| EXERCISE INSTRUCTIONS |
Print the full set of records below, character for character and picture-free.

[Collection entries]

[Start of section]

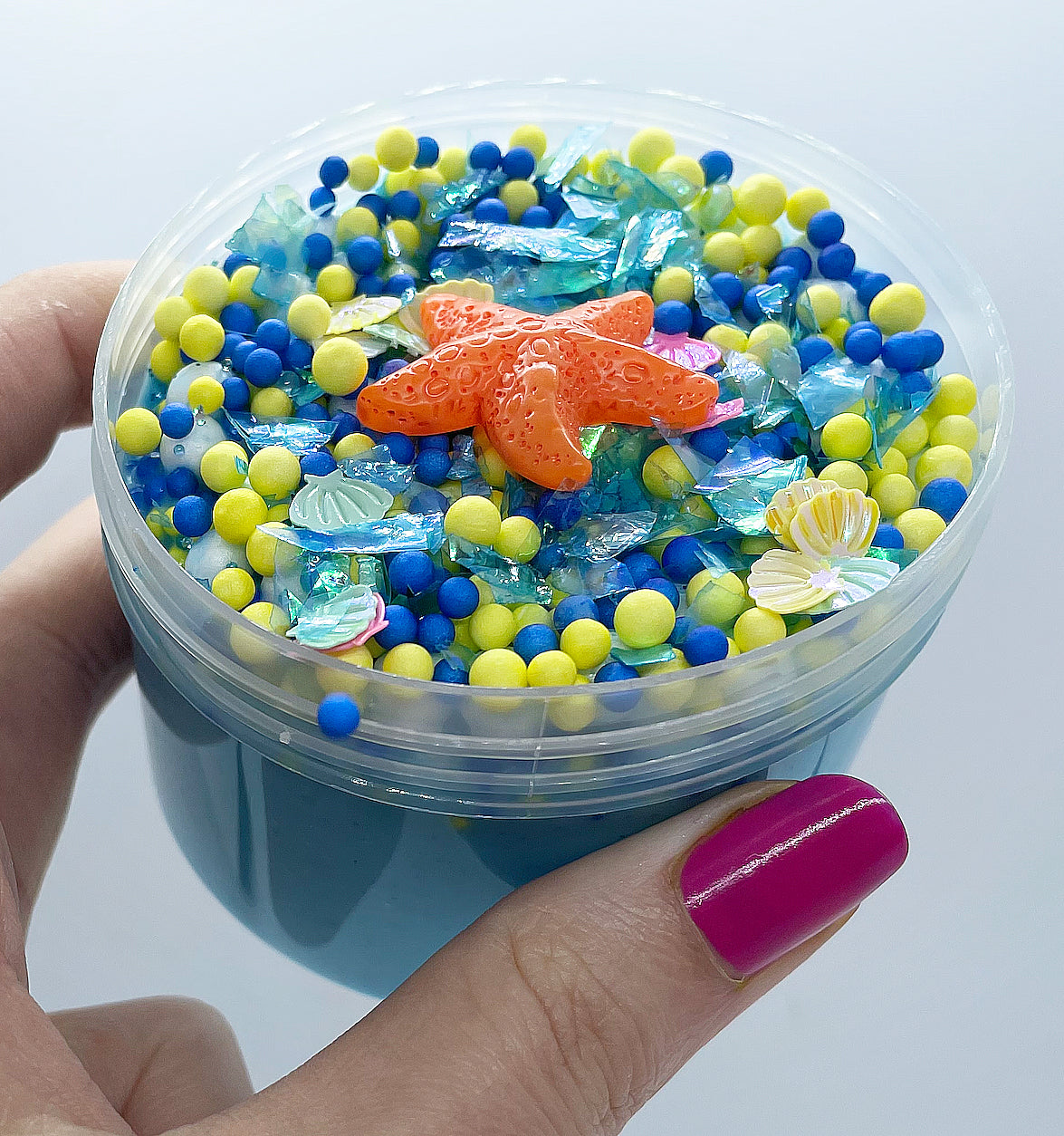 A thick and mixed floam that comes with various foam balls. Comes with a sea-themed charm. Scented like seaside breeze.
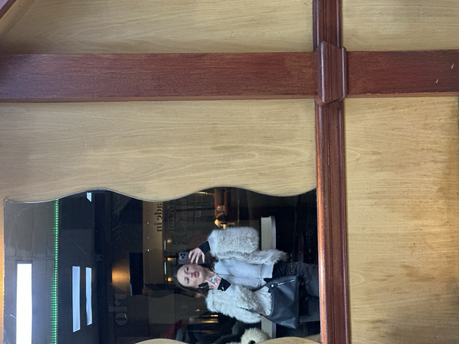 A mirror framed with dark wood reflects an interior scene. A person in a light-colored, furry jacket holds a phone, capturing a selfie. The reflection shows a dimly lit space, possibly a restaurant or store, with chairs and writing visible on the glass. The mirror's edge has a decorative, wavy shape. The surrounding wooden frame consists of horizontal and vertical pieces with a cross-shaped intersection. The dominant colors are brown, beige, gray, and black.
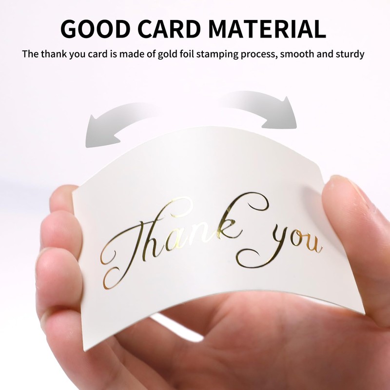 HUKXDGXY Gold Foil Thank You Cards, Elegant White + Black Notes 100 Count, 3.5 x 2 Inch, Writable, Perfect for Small Business Owners, Wedding Thank You Cards, etc.
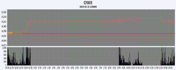 | CF805 | 14910 | 15045 | 14905 | 15010 | 14995 | 50 | 109678 | 2858 | 12774372 | 210216 | -4670 |
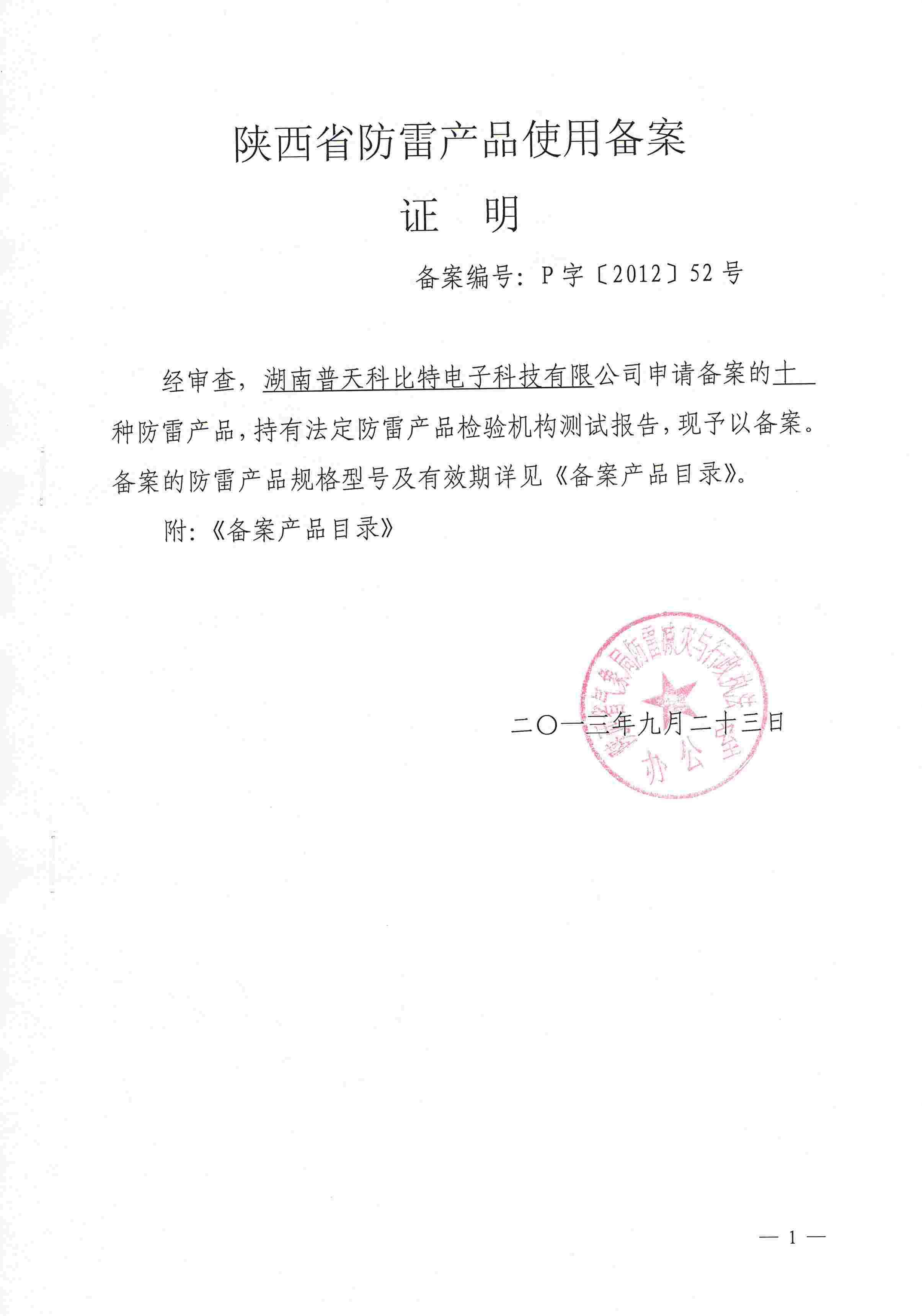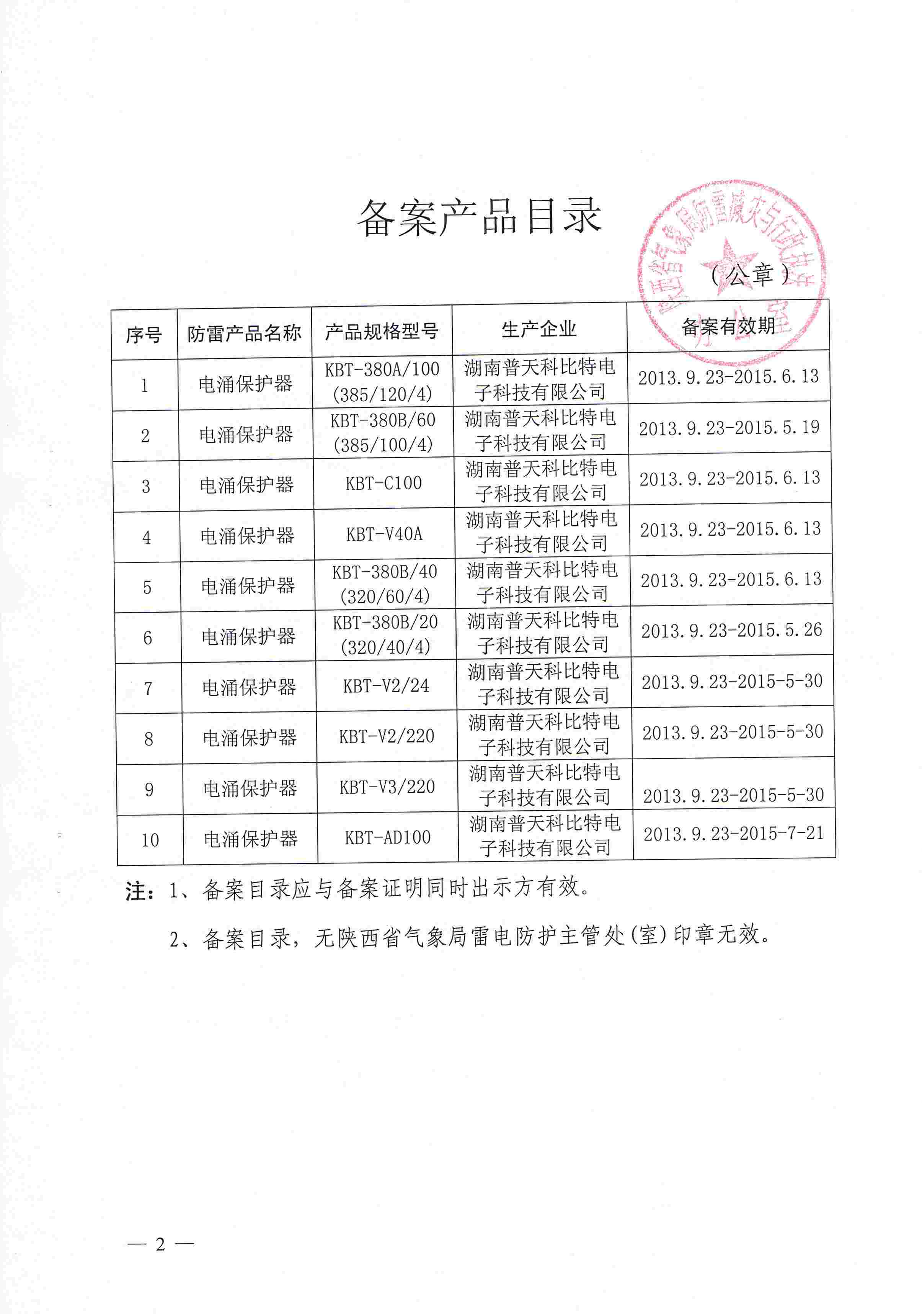 经审查,湖南普天科比特电子科技有限公司申请备案的十种防雷产品,持有法定防雷产品检测机构测试报告,现予以备案。
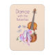 An inspirational saying: Dance with the Butterflies with a soft feminine design. Illustrated with a watercolor image of a wooden violin, some pink ballet slippers resting against it and decorated with flowers and butterflies. Set on a peach pink colored background.
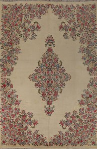 Vintage Floral Kirman Medallion Area Rug 8x11 Wool Hand-knotted Living Room Rug
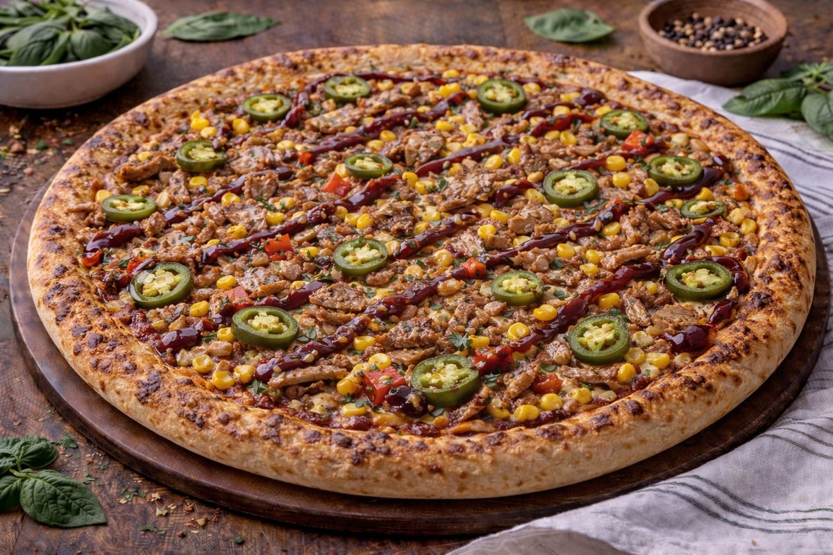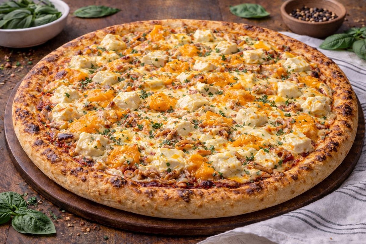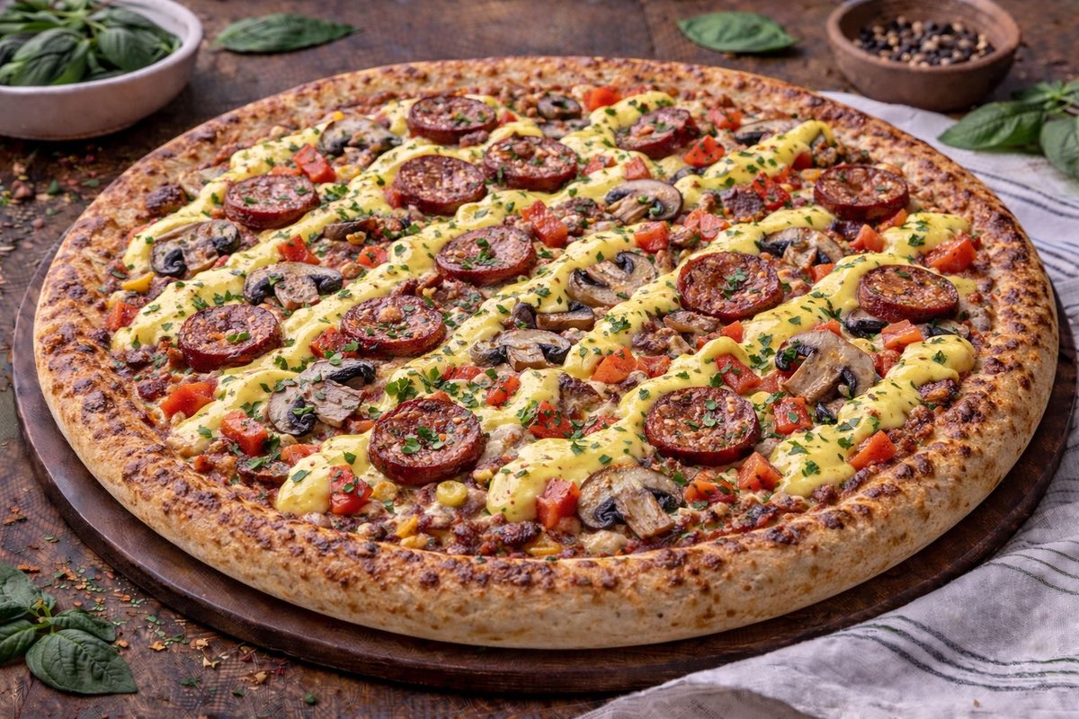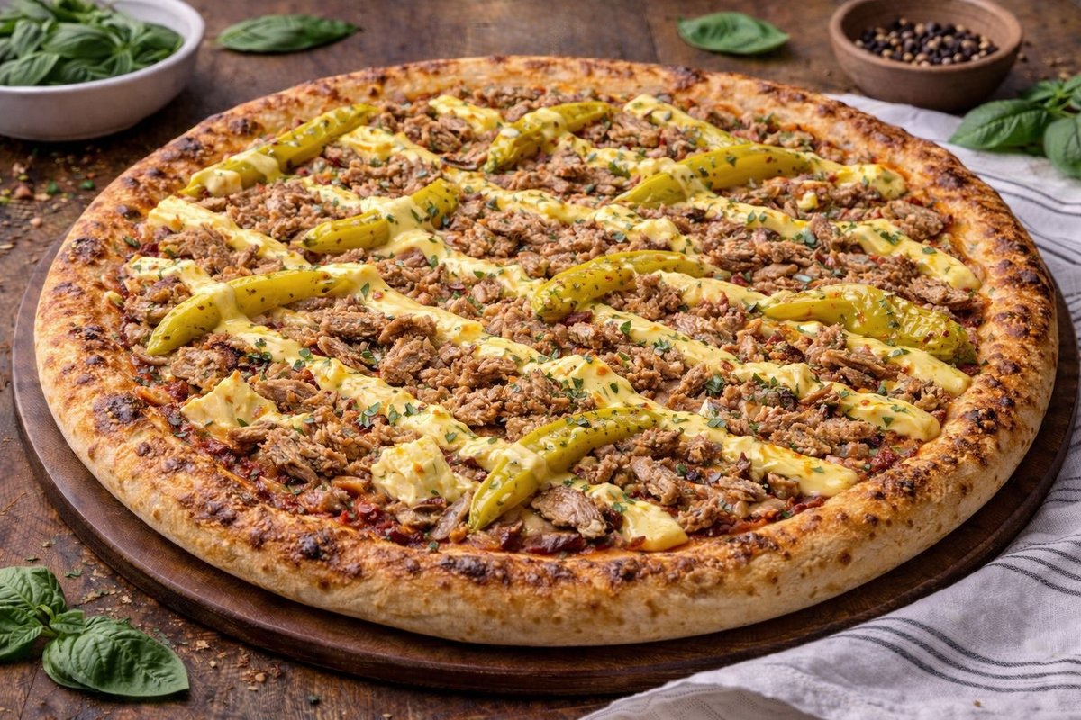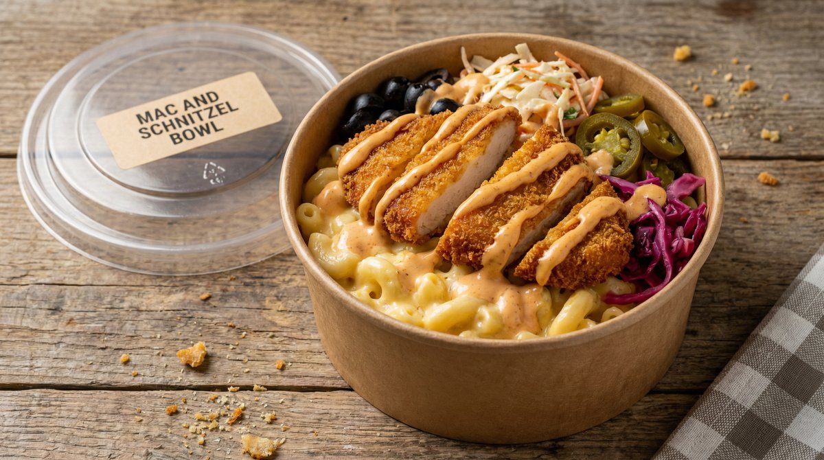 Nudeln mit geschmolzener Käsesoße, herzhaftem, knusprigem Hähnchenschnitzel, schwarzen Oliven, Krautsalat, Jalapeños, eingelegtem Rotkraut und spezieller hausgemachter Soße

[End of section]

| EXERCISE SOLUTION |
 A thick and mixed floam that comes with various foam balls. Comes with a sea-themed charm. Scented like seaside breeze.
 A mirror framed with dark wood reflects an interior scene. A person in a light-colored, furry jacket holds a phone, capturing a selfie. The reflection shows a dimly lit space, possibly a restaurant or store, with chairs and writing visible on the glass. The mirror's edge has a decorative, wavy shape. The surrounding wooden frame consists of horizontal and vertical pieces with a cross-shaped intersection. The dominant colors are brown, beige, gray, and black.
 HUKXDGXY Gold Foil Thank You Cards, Elegant White + Black Notes 100 Count, 3.5 x 2 Inch, Writable, Perfect for Small Business Owners, Wedding Thank You Cards, etc.
 | CF805 | 14910 | 15045 | 14905 | 15010 | 14995 | 50 | 109678 | 2858 | 12774372 | 210216 | -4670 |
 经审查,湖南普天科比特电子科技有限公司申请备案的十种防雷产品,持有法定防雷产品检测机构测试报告,现予以备案。
 An inspirational saying: Dance with the Butterflies with a soft feminine design. Illustrated with a watercolor image of a wooden violin, some pink ballet slippers resting against it and decorated with flowers and butterflies. Set on a peach pink colored background.
 Vintage Floral Kirman Medallion Area Rug 8x11 Wool Hand-knotted Living Room Rug
 Nudeln mit geschmolzener Käsesoße, herzhaftem, knusprigem Hähnchenschnitzel, schwarzen Oliven, Krautsalat, Jalapeños, eingelegtem Rotkraut und spezieller hausgemachter Soße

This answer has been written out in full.